Action item
Output the lines of the entries below beginning at the one with "M8, B编码, 5芯,板端插座, 母, 直头, 线材, 焊接式, 后锁板;" and ending with the last, exactly as written and without pictures.

((

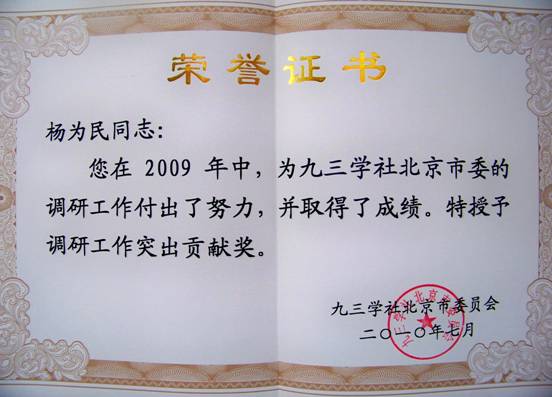 7月2日,beat365城乡发展学院副院长、九三学社北京市农林委员会委员杨为民老师被九三学社北京市委授予调研工作突出贡献奖。
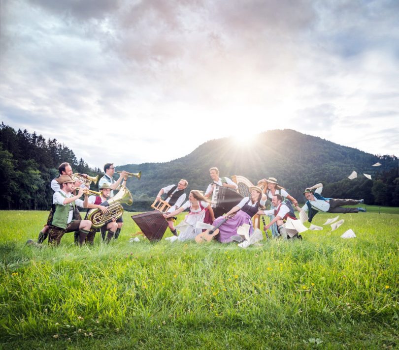 Die wohl vielseitigste Besetzung des Abends war ohne Frage die Gruppe „MusiSchmaus“. Mit Hackbrett, Harfe, Gitarre, Querflöte und Blockflöte und sogar einem Frauen-Dreigesang boten Monika Schroller, Martina Lang und Susanne Dräxl-Sinhart den Zuhörern einen ganz besonderen Ohrenschmaus. Nach einer kurzen Pause startete die „Lieblings-Musi“ mit einem schneidigen Marsch in den zweiten Teil der CD-Präsentation. Die erst vor kurzem neugegründete Besetzung unter der musikalischen Leitung von Sebastian Lang überzeugte mit ihrem schmissigen Klang mit Trompete, Basstrompeten, Klarinette, Tuba, Akkordeon und Gitarre. Auch hier wurden den Zuhörern Eigenkompositionen und neu arrangierte Klassiker von Sebastian Lang dargeboten, welche auch auf der neuen CD zu hören sind.
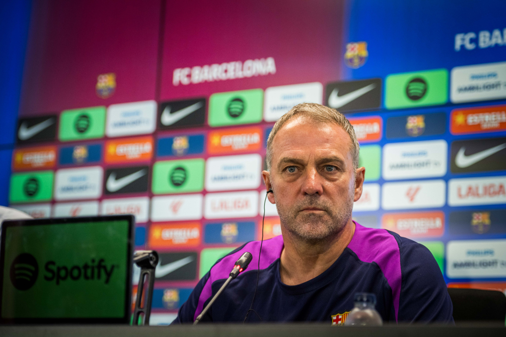 Escudo del FC Barcelona ‘No podemos cometer ningún error’ El técnico alemán recuerda que “el Getafe defiende muy bien” y analiza la situación del equipo sin Lamine Yamal en este tramo final de LaLiga Primer Equipo Fecha de publicación Hace 46 min
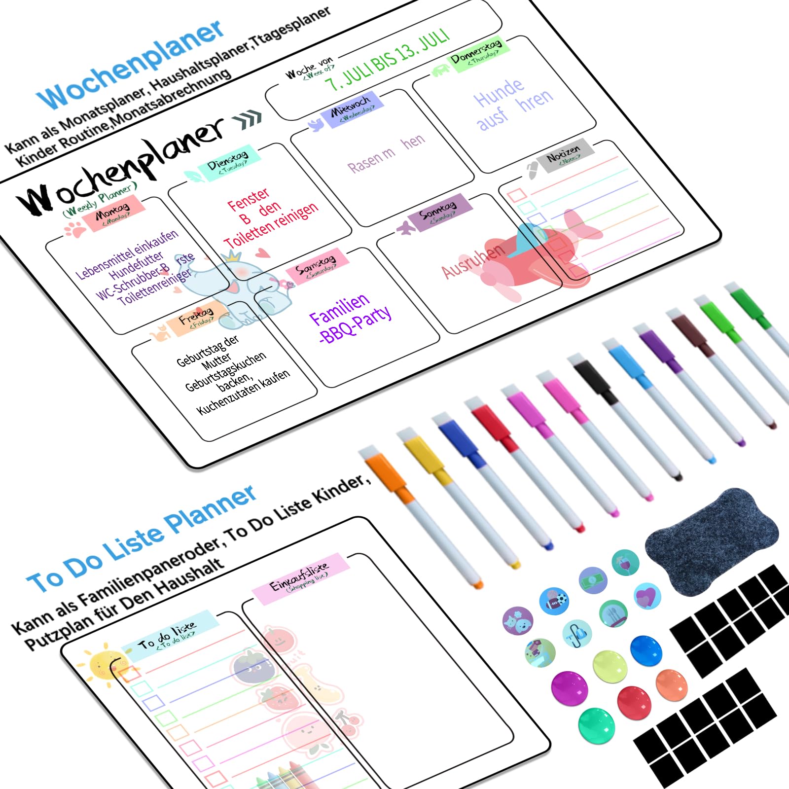 Hinweis: Das magnetische Planungsboard ist hauptsächlich für Kühlschränke und glatte Glaswände konzipiert.
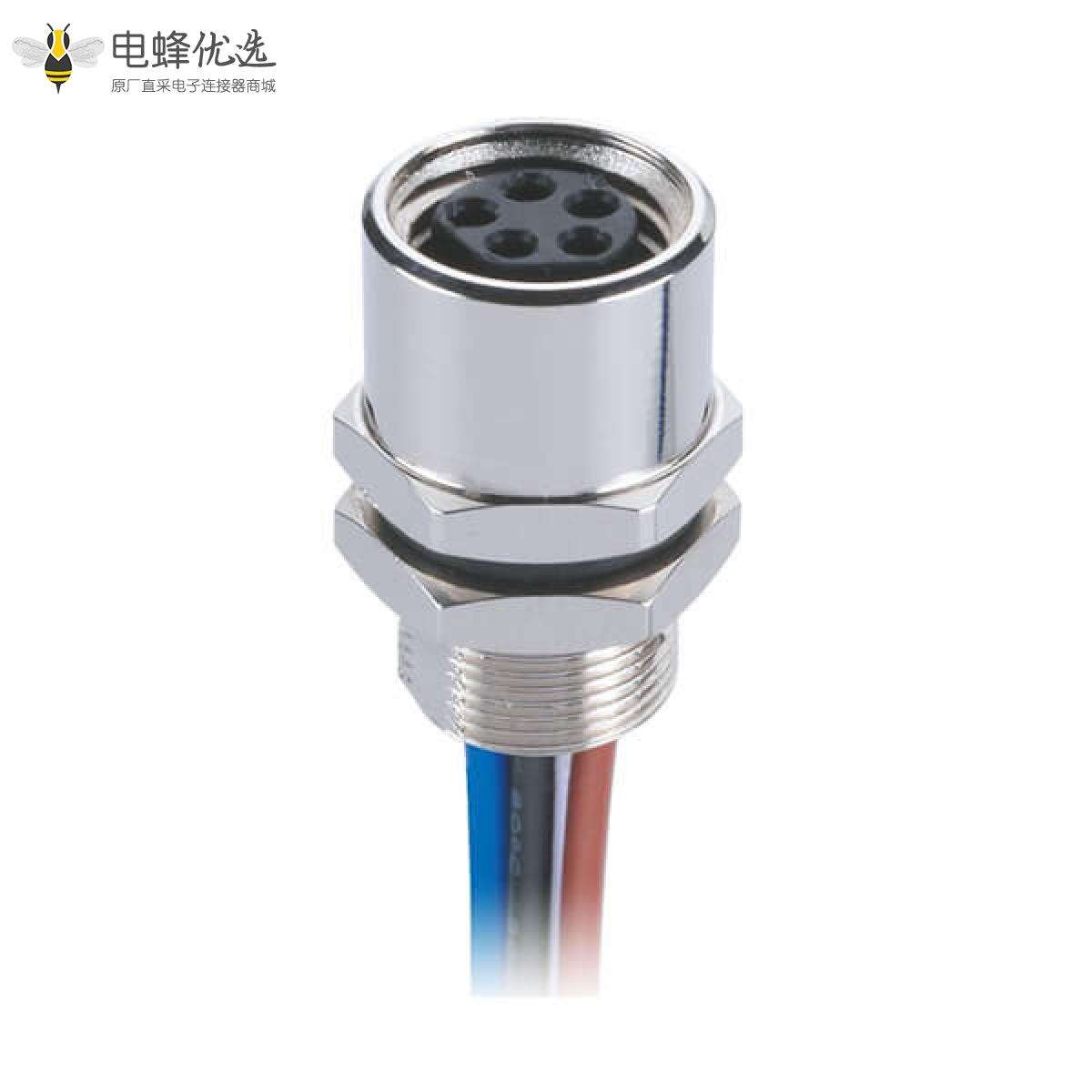 M8, B编码, 5芯,板端插座, 母, 直头, 线材, 焊接式, 后锁板;
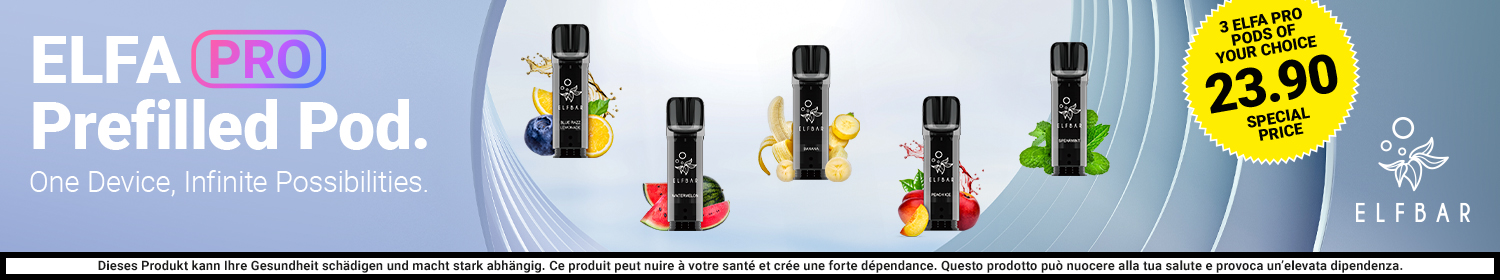 Quand il s'agit d'acheter des Liquids et Pods nous te proposons un large choix de saveurs et de marques. Que tu préfères les arômes fruités comme les Elfbar Elfa Watermelon Pods ou des saveurs de tabac classiques, comme Vuse Pro Golden Tobacco nous t'offrons avec les marques Elfbar, Vuse et VEEV un large choix. De plus, à partir d'une commande de 160 CHF, nous livrons gratuitement tes e-liquides et pods directement chez toi.
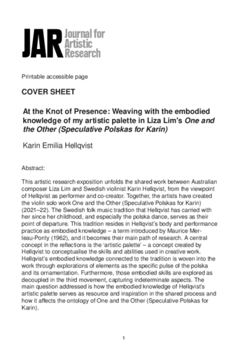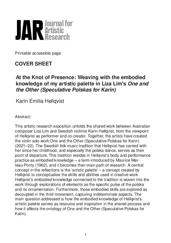 At the Knot of Presence: Weaving with the embodied knowledge of my artistic palette in Liza Lim's One and the Other (Speculative Polskas for Karin)

))

Exercise output
 M8, B编码, 5芯,板端插座, 母, 直头, 线材, 焊接式, 后锁板;
 Quand il s'agit d'acheter des Liquids et Pods nous te proposons un large choix de saveurs et de marques. Que tu préfères les arômes fruités comme les Elfbar Elfa Watermelon Pods ou des saveurs de tabac classiques, comme Vuse Pro Golden Tobacco nous t'offrons avec les marques Elfbar, Vuse et VEEV un large choix. De plus, à partir d'une commande de 160 CHF, nous livrons gratuitement tes e-liquides et pods directement chez toi.
 At the Knot of Presence: Weaving with the embodied knowledge of my artistic palette in Liza Lim's One and the Other (Speculative Polskas for Karin)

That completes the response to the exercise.